Data listing
┄┄┄┄┄┄┄┄┄┄
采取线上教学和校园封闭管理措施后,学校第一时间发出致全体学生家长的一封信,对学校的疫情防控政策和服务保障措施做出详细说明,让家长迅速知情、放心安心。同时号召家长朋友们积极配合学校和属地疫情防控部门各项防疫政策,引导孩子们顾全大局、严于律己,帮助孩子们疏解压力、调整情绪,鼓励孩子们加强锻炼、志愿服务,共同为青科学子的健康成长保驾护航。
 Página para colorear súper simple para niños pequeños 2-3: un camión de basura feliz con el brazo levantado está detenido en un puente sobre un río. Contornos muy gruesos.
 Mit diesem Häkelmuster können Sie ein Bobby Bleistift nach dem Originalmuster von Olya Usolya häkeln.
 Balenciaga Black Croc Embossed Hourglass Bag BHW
┄┄┄┄┄┄┄┄┄┄
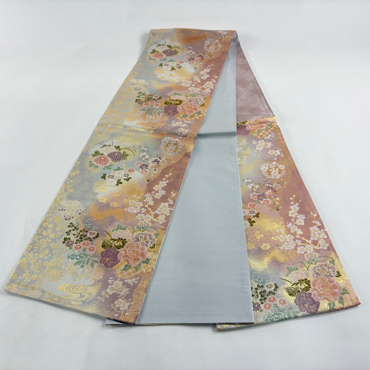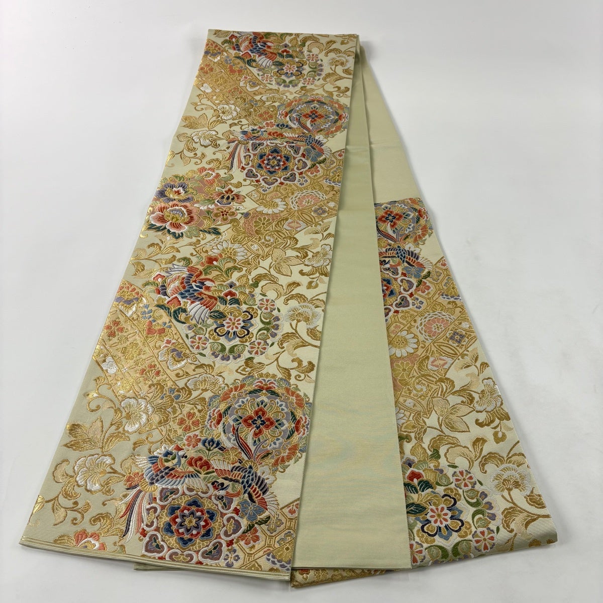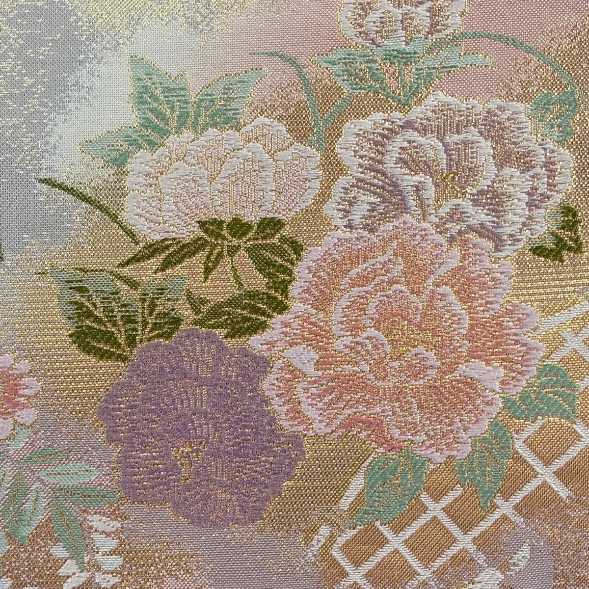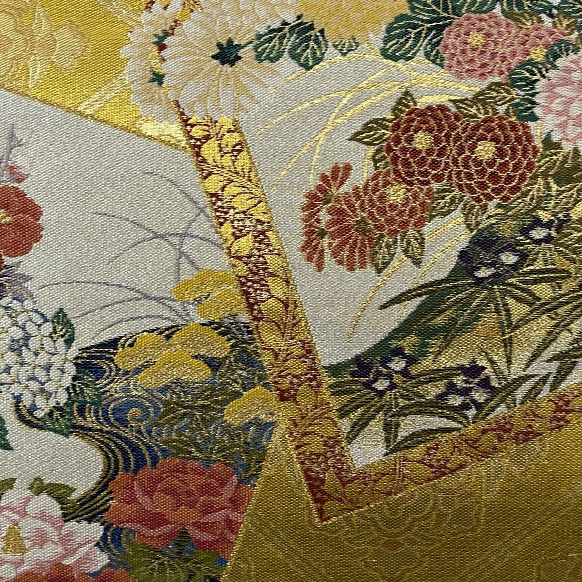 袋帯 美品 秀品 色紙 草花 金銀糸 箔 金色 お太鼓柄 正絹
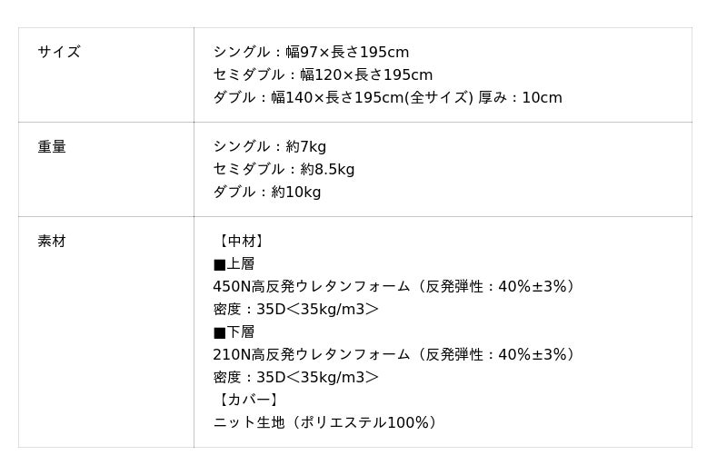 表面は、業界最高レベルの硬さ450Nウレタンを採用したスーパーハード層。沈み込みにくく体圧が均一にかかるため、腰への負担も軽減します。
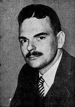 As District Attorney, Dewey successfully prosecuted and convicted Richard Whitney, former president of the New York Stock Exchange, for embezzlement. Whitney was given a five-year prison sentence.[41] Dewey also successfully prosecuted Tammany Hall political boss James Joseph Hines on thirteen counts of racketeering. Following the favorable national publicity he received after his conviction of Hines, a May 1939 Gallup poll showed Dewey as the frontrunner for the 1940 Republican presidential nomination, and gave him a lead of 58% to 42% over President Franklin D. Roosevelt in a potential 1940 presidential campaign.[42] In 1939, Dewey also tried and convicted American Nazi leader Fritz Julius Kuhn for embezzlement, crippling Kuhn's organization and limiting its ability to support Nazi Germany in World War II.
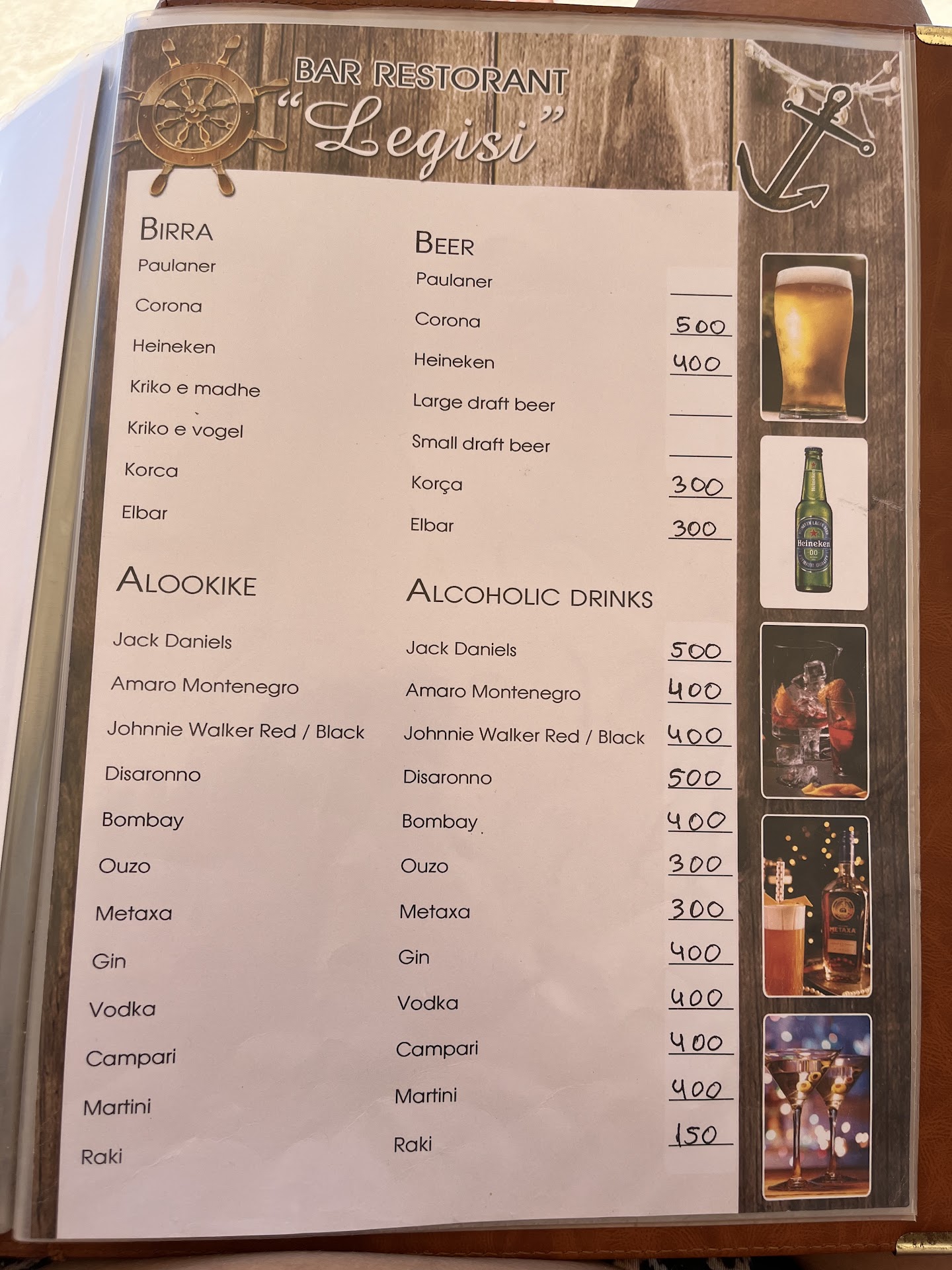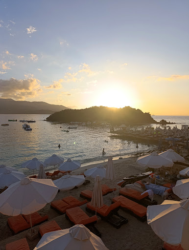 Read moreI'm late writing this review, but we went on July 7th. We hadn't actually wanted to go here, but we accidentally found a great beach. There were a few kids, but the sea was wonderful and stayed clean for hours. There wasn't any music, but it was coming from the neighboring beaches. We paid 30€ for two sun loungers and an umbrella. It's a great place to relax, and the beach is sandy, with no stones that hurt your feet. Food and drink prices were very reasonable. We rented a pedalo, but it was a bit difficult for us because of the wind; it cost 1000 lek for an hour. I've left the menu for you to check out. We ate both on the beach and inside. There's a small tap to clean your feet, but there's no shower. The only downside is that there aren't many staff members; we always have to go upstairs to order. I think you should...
┄┄┄┄┄┄┄┄┄┄
What is required
Each line between the one holding "表面は、業界最高レベルの硬さ" and the one holding "Read moreI'm late", inclusive, should be copied exactly as it appears above, and pictures should be omitted.

Written solution
 表面は、業界最高レベルの硬さ450Nウレタンを採用したスーパーハード層。沈み込みにくく体圧が均一にかかるため、腰への負担も軽減します。
 As District Attorney, Dewey successfully prosecuted and convicted Richard Whitney, former president of the New York Stock Exchange, for embezzlement. Whitney was given a five-year prison sentence.[41] Dewey also successfully prosecuted Tammany Hall political boss James Joseph Hines on thirteen counts of racketeering. Following the favorable national publicity he received after his conviction of Hines, a May 1939 Gallup poll showed Dewey as the frontrunner for the 1940 Republican presidential nomination, and gave him a lead of 58% to 42% over President Franklin D. Roosevelt in a potential 1940 presidential campaign.[42] In 1939, Dewey also tried and convicted American Nazi leader Fritz Julius Kuhn for embezzlement, crippling Kuhn's organization and limiting its ability to support Nazi Germany in World War II.
 Read moreI'm late writing this review, but we went on July 7th. We hadn't actually wanted to go here, but we accidentally found a great beach. There were a few kids, but the sea was wonderful and stayed clean for hours. There wasn't any music, but it was coming from the neighboring beaches. We paid 30€ for two sun loungers and an umbrella. It's a great place to relax, and the beach is sandy, with no stones that hurt your feet. Food and drink prices were very reasonable. We rented a pedalo, but it was a bit difficult for us because of the wind; it cost 1000 lek for an hour. I've left the menu for you to check out. We ate both on the beach and inside. There's a small tap to clean your feet, but there's no shower. The only downside is that there aren't many staff members; we always have to go upstairs to order. I think you should...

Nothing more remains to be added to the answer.